S’est donc créée une situation où certains caricaturistes se sont mis à se moquer d’anonymes, appartenant souvent à des catégories dominées, amenant ces dominés à expliquer que ces caricatures leur sont une offense supplémentaire, une couche supplémentaire de domination qui se surajoute à leur domination sociale.
Grands journaux contre réseaux sociaux : au printemps, après un dessin sur Nétanyahou jugé antisémite sur les réseaux sociaux, le New York Times décida d’arrêter de publier des caricatures dans son édition internationale. Sans toutefois l’assumer. Le dessinateur Chappatte racontait alors (dans le Monde !) qu’il voyait de plus en plus souvent des photos remplacer ses propres dessins, sans qu’aucune autorité du journal ose lui en parler. Ce n’est pas facile, pour un patron de journal, d’avouer qu’on a peur d’un dessin.
Et voilà que la malédiction de la caricature atteint le journal français. C’est l’affaire Gorce. Elle est embrouillée. On suit avec peine les explications sinueuses de Gorce, expliquant que son dessin visait, non pas les victimes d’inceste, ou les transgenres (catégories dominées), mais le philosophe dominant Alain Finkielkraut. On a suivi tout aussi difficilement les explications tout aussi sinueuses du Monde les premiers jours, expliquant qu’à la légitime liberté du dessinateur, s’opposait la tout aussi légitime liberté de la direction de ne pas publier son dessin. Renard libre dans poulailler libre, on connaît la chanson. Jadis, les directions avaient la sagesse de se donner le choix chaque jour entre plusieurs dessins. Il semble que le Monde y a renoncé.
Les transgenres, les victimes d’inceste, les musulmans peuvent s’analyser aujourd’hui, à de nombreux points de vue, comme des catégories dominées. Mais sur les réseaux sociaux, dans certains espaces, leurs discours de dominés semblent dominants, avec leur terrible arsenal (bad buzz, cyberharcèlement, cancel culture). De fait, ils le sont moins qu’ils ne le semblent, et cela tient beaucoup à un effet de loupe. Leur domination, souvent, ne dépasse pas les limites de leur communauté. Mais vue de loin, ou de haut, elle fait peur.

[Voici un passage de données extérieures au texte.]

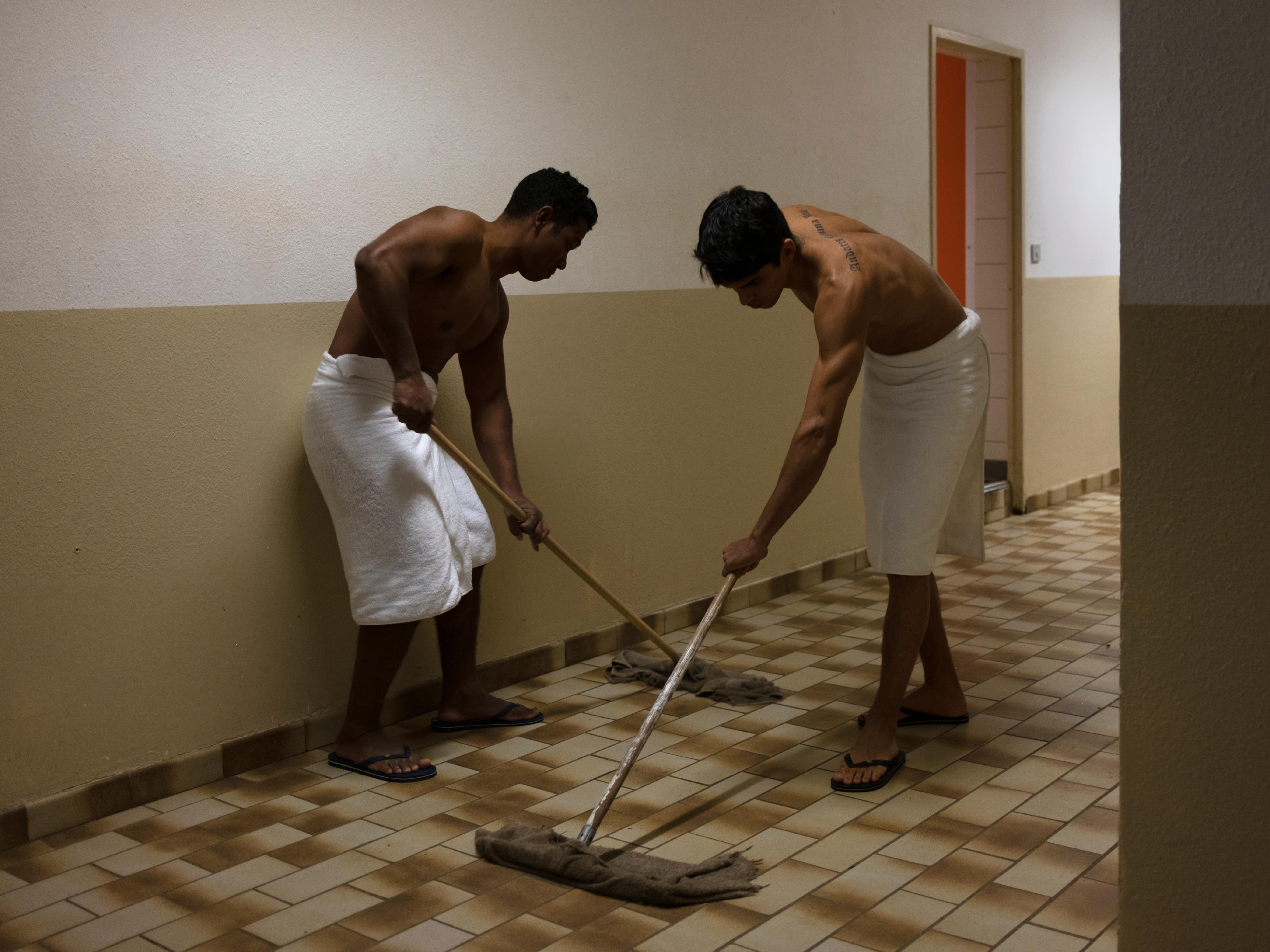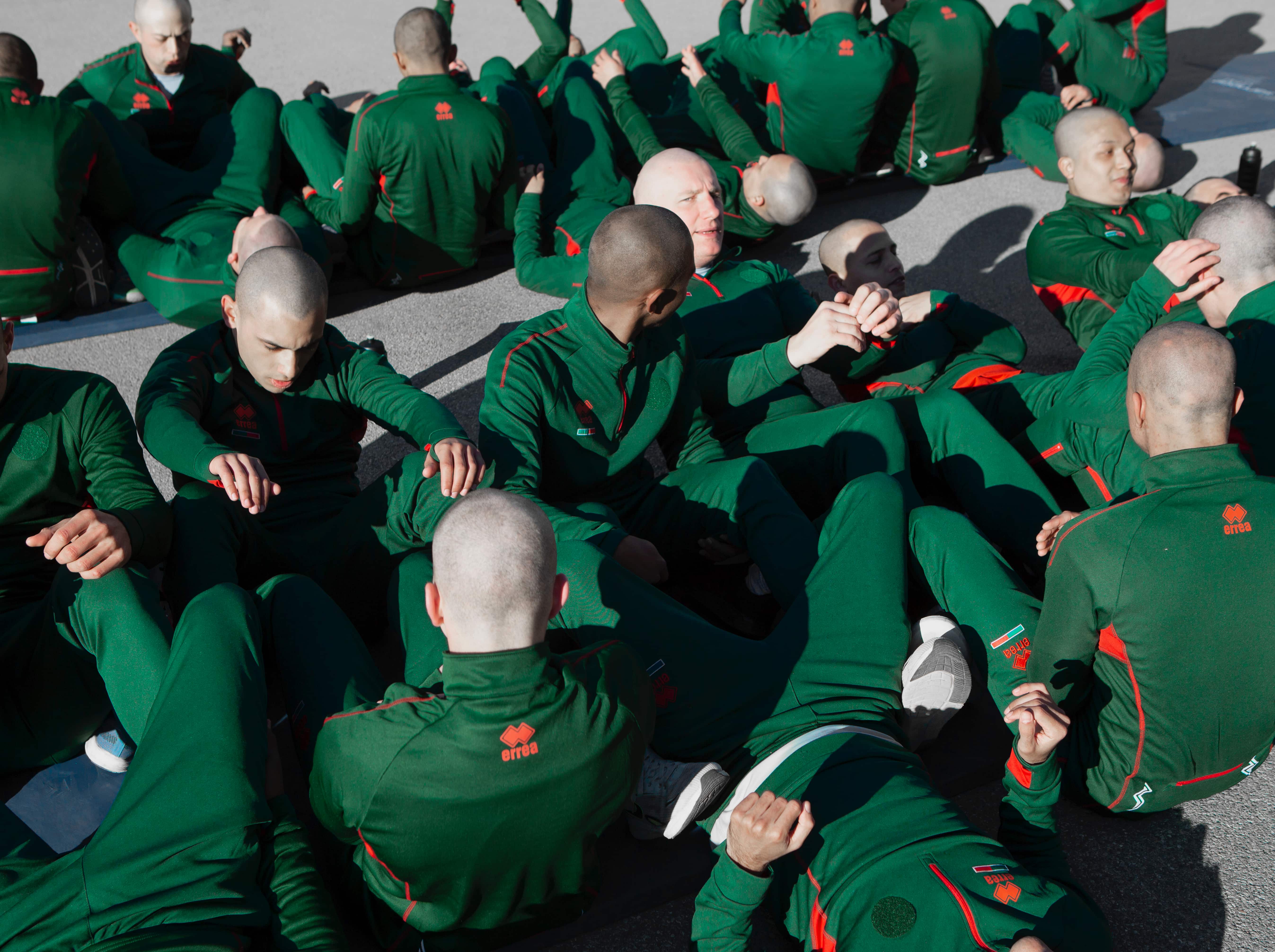 « Je comptais m’intéresser à l’armée régulière mais je me suis rendue compte que cette unité, qui a une image très forte et spécifique de guerriers ultra soudés, collait d’autant mieux aux thématiques que j’aborde dans mon travail : la perte de l’identité, la jeunesse, la masculinité, retrace Julie Joubert. J’ai eu la chance d’avoir un contact là-bas. Une fois la confiance établie, les portes se sont ouvertes. » Elle découvre la réalité d’un quotidien mené à huis clos, entre les réveils à 5 heures du matin, les entraînements à la chaîne, les devoirs de commémoration, l’attente interminable et les contrôles médicaux lors des phases de sélection. C’est dans la confrontation des scènes, dans la tension entre un envers et un endroit, que la photographe trouve sa vérité. Les corps alignés, quasi identiques, captés en plein exercice de musculation, ont une dimension architecturale qui raconte le poids de la discipline et la rigidité de l’institution. Les vestiaires, en revanche, sont peuplés de jeunes hommes en caleçon ou enroulés dans des serviettes, balayant le sol dans une chorégraphie plus triviale. Ailleurs, un torse athlétique et ruisselant, saisi en noir et blanc et coupé à hauteur de cou, se confond avec une sculpture chargée de rappeler l’idéal militaire : produire en série des corps performants. Bien différents de celui, pubère et recroquevillé, du garçon au crâne rasé et au regard mélancolique que la photographe immortalise dans un clair-obscur caravagesque.

D’où les promptes excuses du Monde. On aurait pu imaginer d’autres réactions du journal : une interview de Gorce sur le sens de son dessin, un moment de pédagogie sur la caricature, etc. Il faut croire que le directeur Jérôme Fenoglio (qui s’en est entretenu avec Xavier Gorce avant les excuses) n’a pas été convaincu par la clarté des explications de son dessinateur. En conclusion, le journal ne renonce pas aux caricatures, mais va renouer avec sa tradition d’une prudente validation a priori. Afin de «croiser les regards», comme on dit aujourd’hui.